The Pittsburgh Steelers are out of Latrobe and back at the UPMC Rooney Sports Complex, also referred to as the South Side Facility. We are already into the regular season, where everything is magnified and, you know, actually counts. The team is working through the highs and lows and dramas that go through a typical Steelers season.
How are the rookies performing? What about the players that the team signed in free agency? Who is missing time with injuries, and when are they going to be back? What are the coaches saying about what they are going to do this season that might be different from how it was a year ago?
These are the sorts of questions among many others that we have been exploring on a daily basis and will continue to do so. Football has become a year-round pastime and there is always a question to be asked, though there is rarely a concrete answer, as I’ve learned in my years of doing this.

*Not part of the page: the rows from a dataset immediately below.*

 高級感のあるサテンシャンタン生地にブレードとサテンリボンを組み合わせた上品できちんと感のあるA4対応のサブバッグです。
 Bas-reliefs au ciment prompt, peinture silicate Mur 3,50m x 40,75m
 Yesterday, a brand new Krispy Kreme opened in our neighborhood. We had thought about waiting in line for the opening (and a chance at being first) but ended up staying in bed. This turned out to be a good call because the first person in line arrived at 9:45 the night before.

Question: How do you feel about the Steelers’ reported compensation for trading Antonio Brown?
Late last night, Adam Schefter among others—including Antonio Brown himself—reported that the wide receiver and the Steelers had agreed in principle to trade him to, of course, the Oakland Raiders. The reported return on investment was a third- and fifth-round pick in the 2019 NFL Draft. For arguably the top wide receiver in the game.
That’s substantially less than what the Steelers wanted to get for him. their initial asking price reportedly was a first-round pick and then some. Then they walked it back to just a first-round pick when they weren’t getting enough interest. When all was said and done, it fell back to a third-round pick plus a fifth-rounder.

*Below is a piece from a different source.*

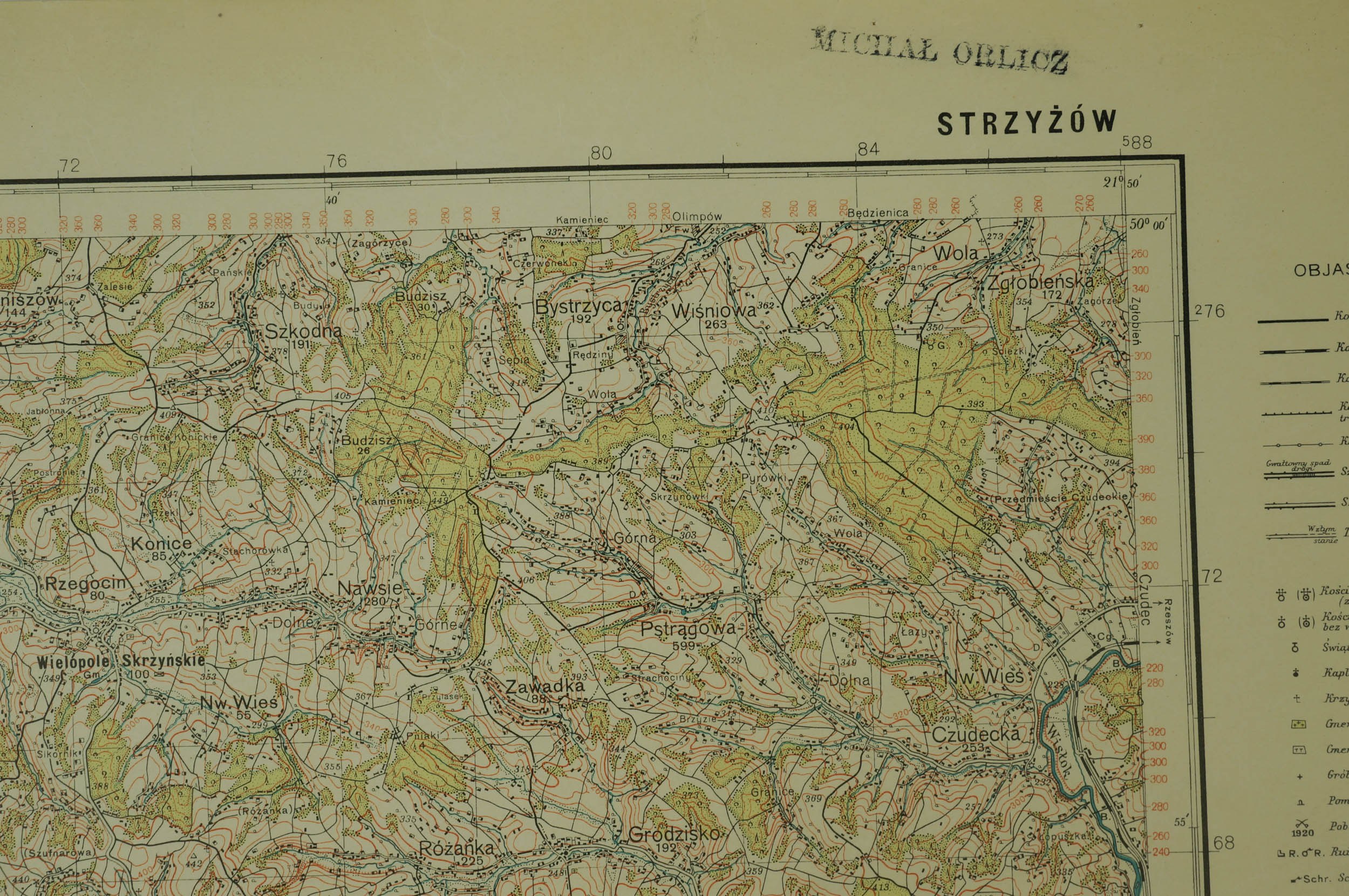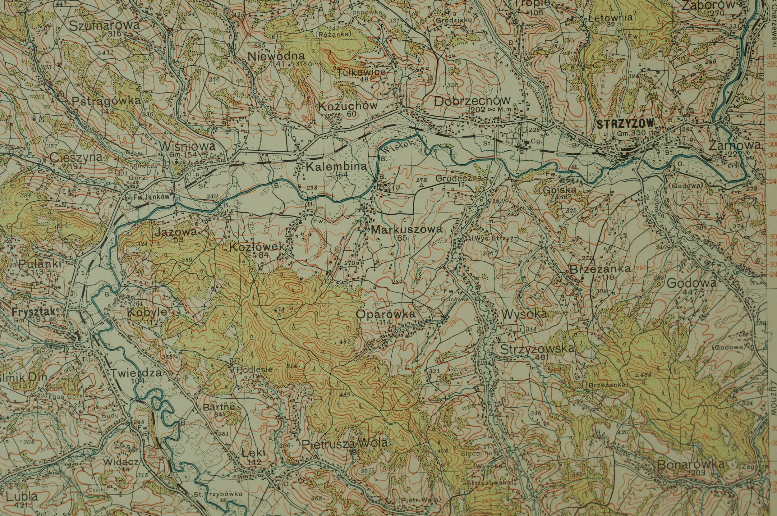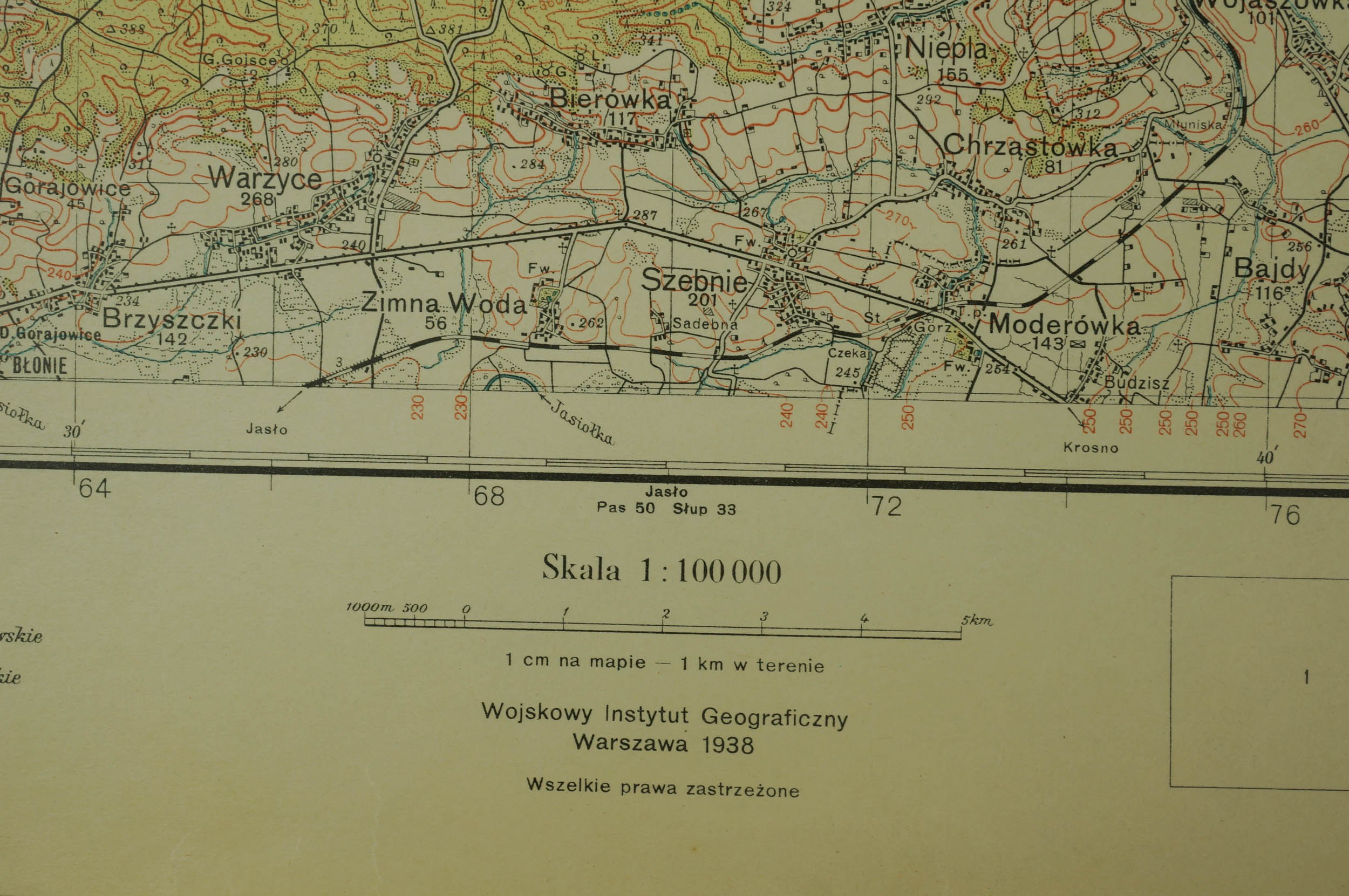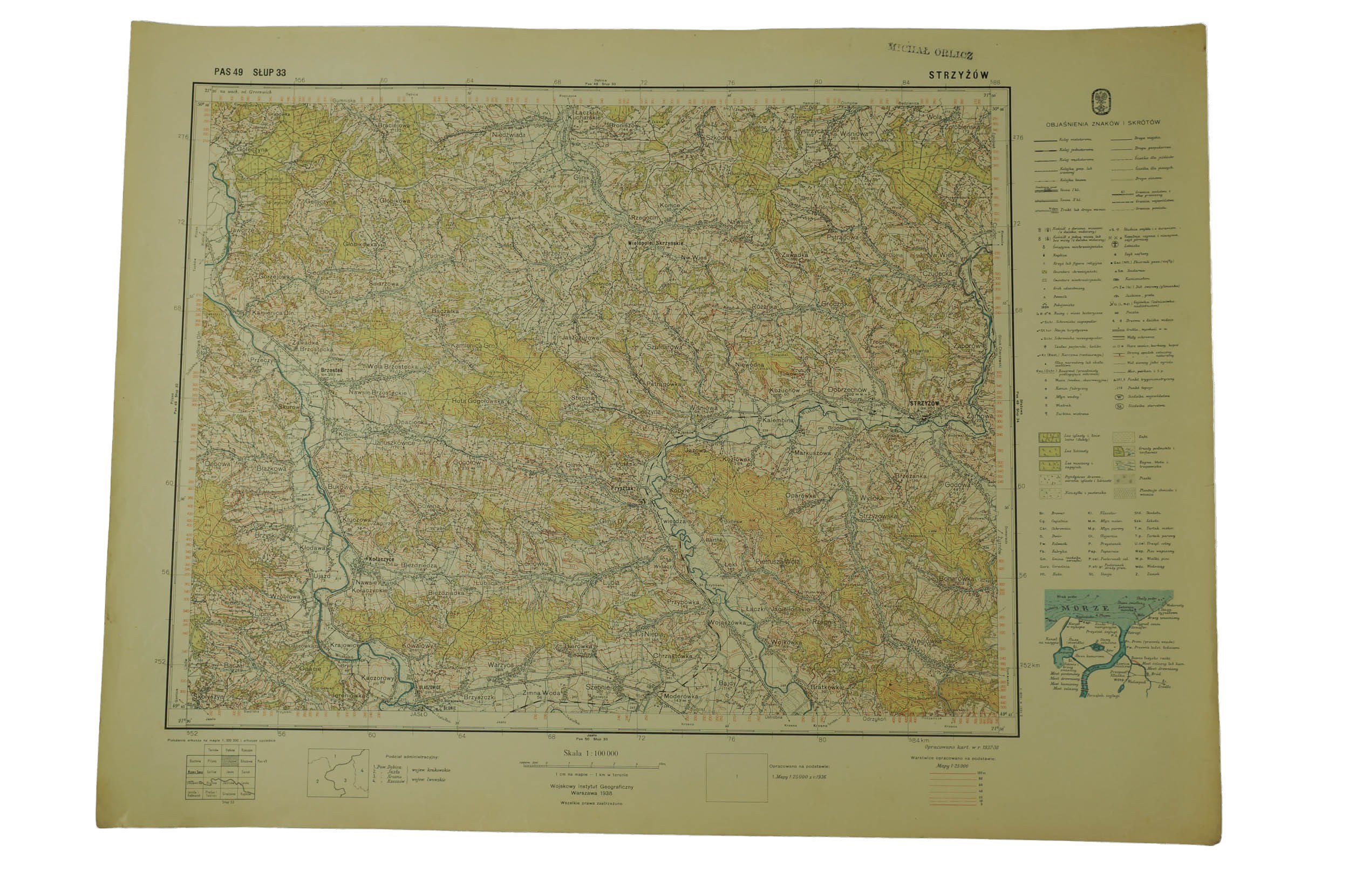 Strzyżów PAS 49, SŁUP 33 - mapa WIG [Wojskowy Instytut Geograficzny] II RP, Warszawa 1938r., skala 1: 100.000, kolor, f. 49x36,5cm

My guess is that had the Raiders been drafting lower in the second round, the Steelers would have gotten their second-round pick. But because Oakland has one of the top picks in the second round, they determined that that was too high of a resource to give up, so they sent their third and fifth over instead.
If it makes people feel any better, the Steelers can package those two picks to trade up into the second round and then you can say that they ended up getting a second-round pick for Antonio Brown. It’s a realistic possibility that they might actually do that, as well.

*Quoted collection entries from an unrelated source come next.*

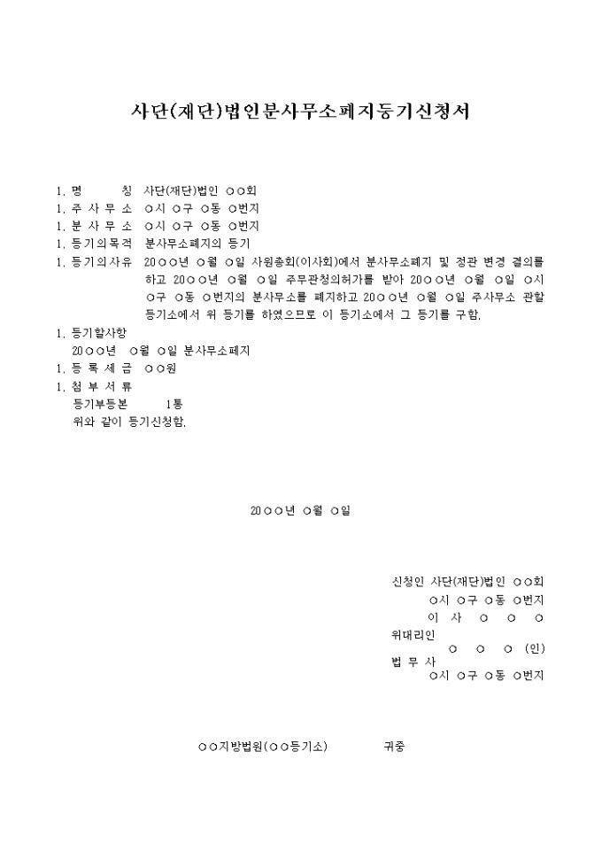 9,000원/월분사무소폐지를 위한 사단(재단)법인분사무소폐지등기신청서양식입니다.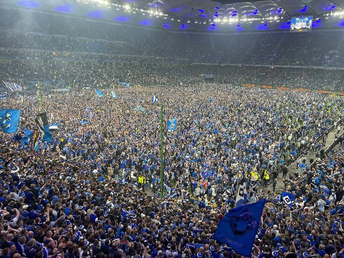 Grande festa al Volksparkstadium per i tifosi, che aspettavano a lungo questo momento. Le immagini parlano da sole: invasione di campo degli spettatori e festeggiamenti che sono appena iniziati e che proseguiranno ancora a lungo. Manca solo una partita al termine della stagione nella seconda serie della Germania e sarà fondamentale per vincere il titolo, con il Colonia secondo a -1.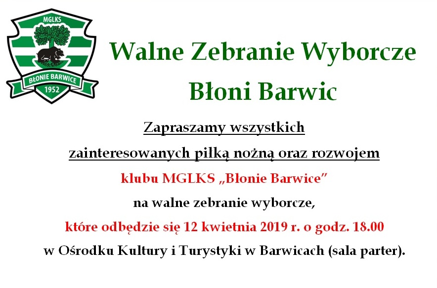 WALNE ZEBRANIE WYBORCZE MGLKS Błoni Barwice odbędzie się 12.04.2019 r. o godz. 18.00 w Ośrodku Klutury i Turystyki w Barwicach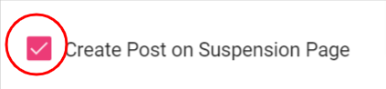11. The system is designed to create a post on a designated internal Suspension Posts Page. Uncheck 'Create Post on Suspension Page', if you do not which a post to be created in this instance.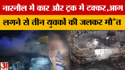 नारनौल में भीषण सड़क हादसा, ट्रक-कार टक्कर में तीन जिंदा जले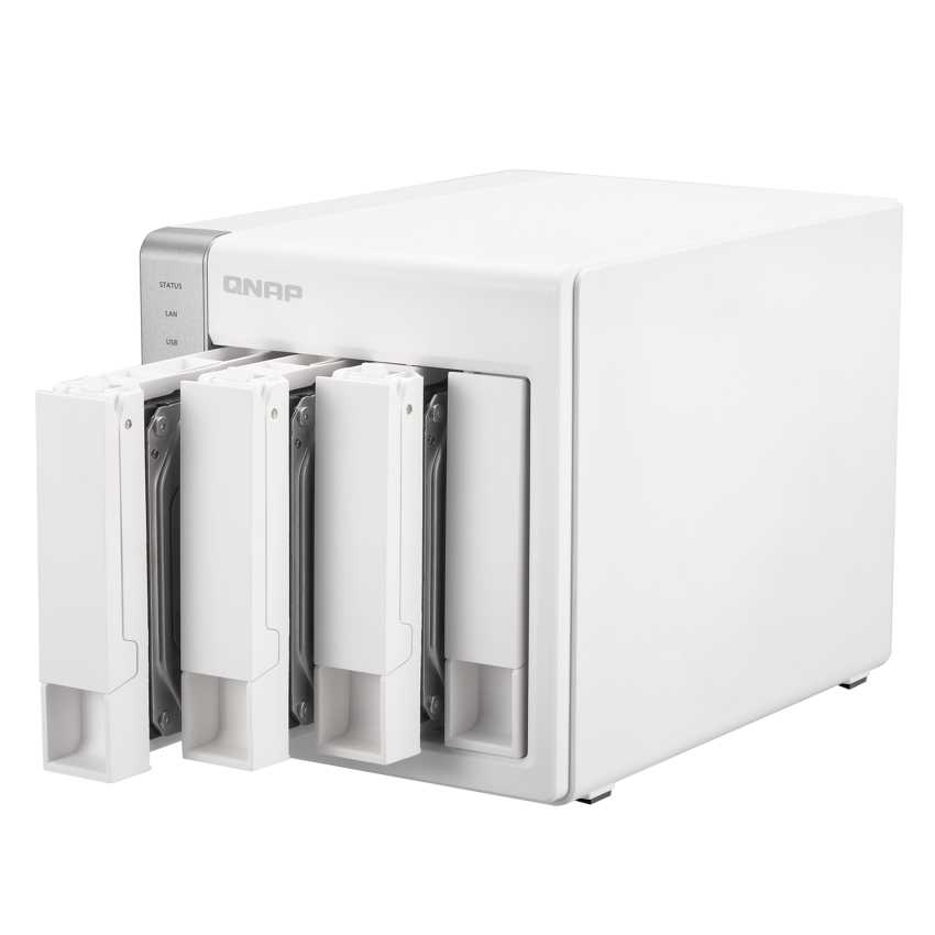 Descripción QNAP TS-431+. Capacidad total de almacenamiento instalada: 0 GB, Tipos de unidades de almacenamiento admitidas: Unidad de disco duro, SSD, Interfaz de unidad de almacenamiento: Serial ATA II, Serial ATA III. Familia de procesador: Annapurna Labs, Modelo del procesador: AL212, Frecuencia del procesador: 1,4 GHz. RAM interna: 1 GB, Tipo de memoria RAM interna: DDR3, Memoria Flash: 512 MB. Ethernet LAN, velocidad de transferencia de datos: 10,100,1000 Mbit/s. Tipo de chasis: Torre, Tipo de enfriamiento: Activo, Color del producto: Color blanco

Brown really gave the Steelers no attractive options here. He more or less let it be known that he was either not going to play for them or he was simply going to be a major problem if they tried to hold on to him, and nobody gets anything out of that arrangement.
With this deal being made—which, again, is not official until the start of the new league year—both sides get something. Brown certainly ‘wins’ this exchange, getting out of town and a handsome raise on top of it, but he already won months ago.